ML Workflow Lab

Machine Learning
shiny
tidymodels
cross-validation
hyperparameter-tuning
Build, tune, and evaluate a supervised learning pipeline with tidymodels, from preprocessing through to held-out evaluation
Published

April 17, 2026

Purpose

The hardest part of learning machine learning is the pipeline: data split, preprocessing recipe, model specification, resampling plan, tuning grid, evaluation on a held-out set. The ML Workflow Lab makes every stage of a tidymodels pipeline visible and editable, so that readers can see how each choice feeds forward to the final performance estimate.

User inputs

  • Dataset (built-in classification/regression examples or user-uploaded)
  • Outcome variable and feature selection
  • Data split: proportion for training, stratification toggle
  • Preprocessing steps: imputation, normalisation, one-hot encoding, PCA, upsampling
  • Model family: logistic regression, random forest, boosted trees, SVM
  • Hyperparameter grid and resampling plan (k, repeats)
  • Performance metric primary and secondary (accuracy, AUC, RMSE, \(R^2\), F1)

Outputs

  • The resulting workflow() object as pseudo-code in a syntax-highlighted panel
  • Tuning-result plot: performance as a function of each hyperparameter
  • Best model summary and the finalised workflow
  • Held-out performance: confusion matrix, ROC, calibration curve, SHAP values (tree models)
  • Variable-importance plot

Didactic value

The app drives home a single lesson that a surprising number of ML practitioners fail to internalise: preprocessing must be inside the resampling loop, not before it, or performance estimates are optimistically biased.

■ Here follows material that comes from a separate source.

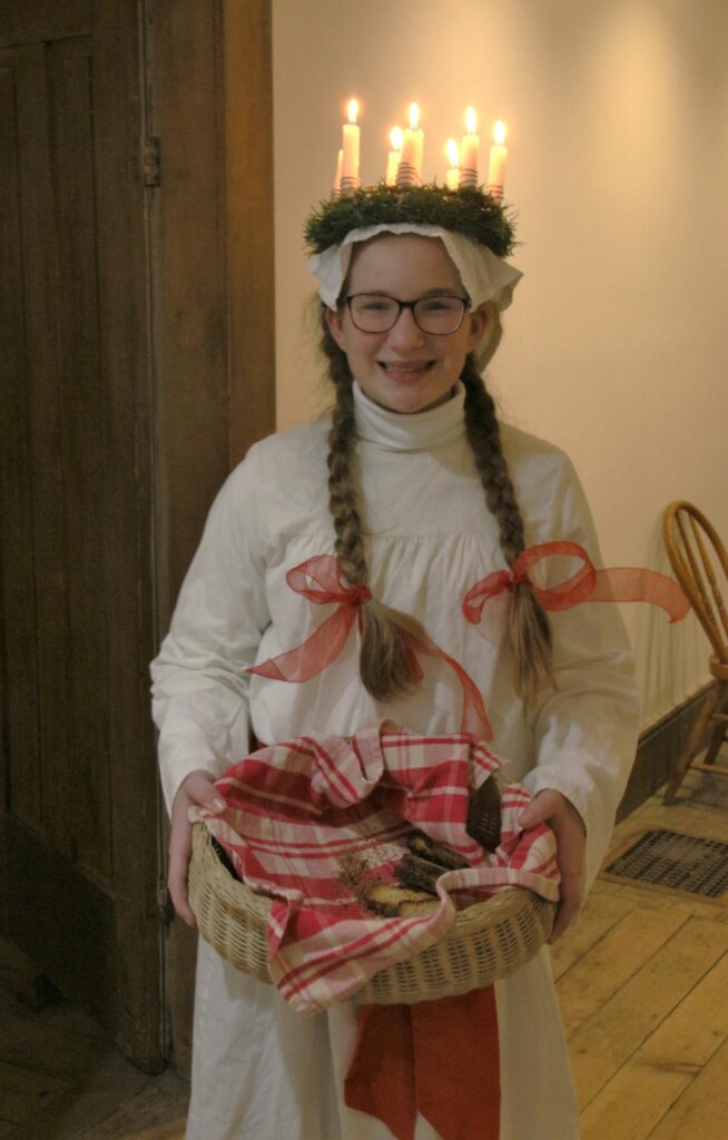 Today, girls in Sweden wake their families on Dec. 13 carrying a tray of Lucia buns while dressed in a white robe and wearing a crown of candles, and in Bishop Hill, the event, Lucia Nights, commences with the lighting of the park Christmas tree at 6 pm on Friday, Dec. 8. The public is invited to bring edible ornaments to hang on the tree.
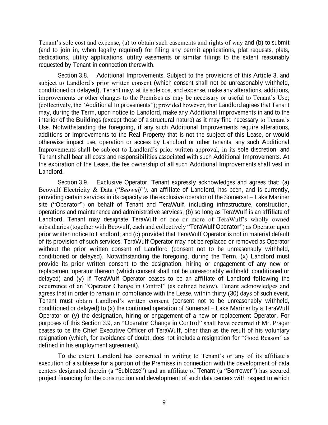 9 Tenant’s sole cost and expense, (a) to obtain such easements and rights of way and (b) to submit (and to join in, when legally required) for filing any permit applications, plat requests, plats, dedications, utility applications, utility easements or similar filings to the extent reasonably requested by Tenant in connection therewith. Section 3.8. Additional Improvements. Subject to the provisions of this Article 3, and subject to Landlord’s prior written consent (which consent shall not be unreasonably withheld, conditioned or delayed), Tenant may, at its sole cost and expense, make any alterations, additions, improvements or other changes to the Premises as may be necessary or useful to Tenant’s Use; (collectively, the “Additional Improvements”); provided however, that Landlord agrees that Tenant may, during the Term, upon notice to Landlord, make any Additional Improvements in and to the interior of the Buildings (except those of a structural nature) as it may find necessary to Tenant’s Use. Notwithstanding the foregoing, if any such Additional Improvements require alterations, additions or improvements to the Real Property that is not the subject of this Lease, or would otherwise impact use, operation or access by Landlord or other tenants, any such Additional Improvements shall be subject to Landlord’s prior written approval, in its sole discretion, and Tenant shall bear all costs and responsibilities associated with such Additional Improvements. At the expiration of the Lease, the fee ownership of all such Additional Improvements shall vest in Landlord. Section 3.9. Exclusive Operator. Tenant expressly acknowledges and agrees that: (a) Beowulf Electricity & Data (“Beowulf”), an affiliate of Landlord, has been, and is currently, providing certain services in its capacity as the exclusive operator of the Somerset – Lake Mariner site (“Operator”) on behalf of Tenant and TeraWulf, including infrastructure, construction, operations and maintenance and administrative services, (b) so long as TeraWulf is an affiliate of Landlord, Tenant may designate TeraWulf or one or more of TeraWulf’s wholly owned subsidiaries (together with Beowulf, each and collectively “TeraWulf Operator”) as Operator upon prior written notice to Landlord; and (c) provided that TeraWulf Operator is not in material default of its provision of such services, TeraWulf Operator may not be replaced or removed as Operator without the prior written consent of Landlord (consent not to be unreasonably withheld, conditioned or delayed). Notwithstanding the foregoing, during the Term, (x) Landlord must provide its prior written consent to the designation, hiring or engagement of any new or replacement operator thereon (which consent shall not be unreasonably withheld, conditioned or delayed) and (y) if TeraWulf Operator ceases to be an affiliate of Landlord following the occurrence of an “Operator Change in Control” (as defined below), Tenant acknowledges and agrees that in order to remain in compliance with the Lease, within thirty (30) days of such event, Tenant must obtain Landlord’s written consent (consent not to be unreasonably withheld, conditioned or delayed) to (x) the continued operation of Somerset – Lake Mariner by a TeraWulf Operator or (y) the designation, hiring or engagement of a new or replacement Operator. For purposes of this Section 3.9, an “Operator Change in Control” shall have occurred if Mr. Prager ceases to be the Chief Executive Officer of TeraWulf, other than as the result of his voluntary resignation (which, for avoidance of doubt, does not include a resignation for “Good Reason” as defined in his employment agreement). To the extent Landlord has consented in writing to Tenant’s or any of its affiliate’s execution of a sublease for a portion of the Premises in connection with the development of data centers designated therein (a “Sublease”) and an affiliate of Tenant (a “Borrower”) has secured project financing for the construction and development of such data centers with respect to which

Seeing what happens when a “data leak” toggle is flipped on communicates this more viscerally than a warning in a manual.

Embedded in

  • machine-learning/tidymodels-introduction.md
  • machine-learning/cross-validation.md
  • machine-learning/hyperparameter-tuning.md

Source code

Local: apps/13-ml-workflow-lab/

Run with:

shiny::runApp("apps/13-ml-workflow-lab")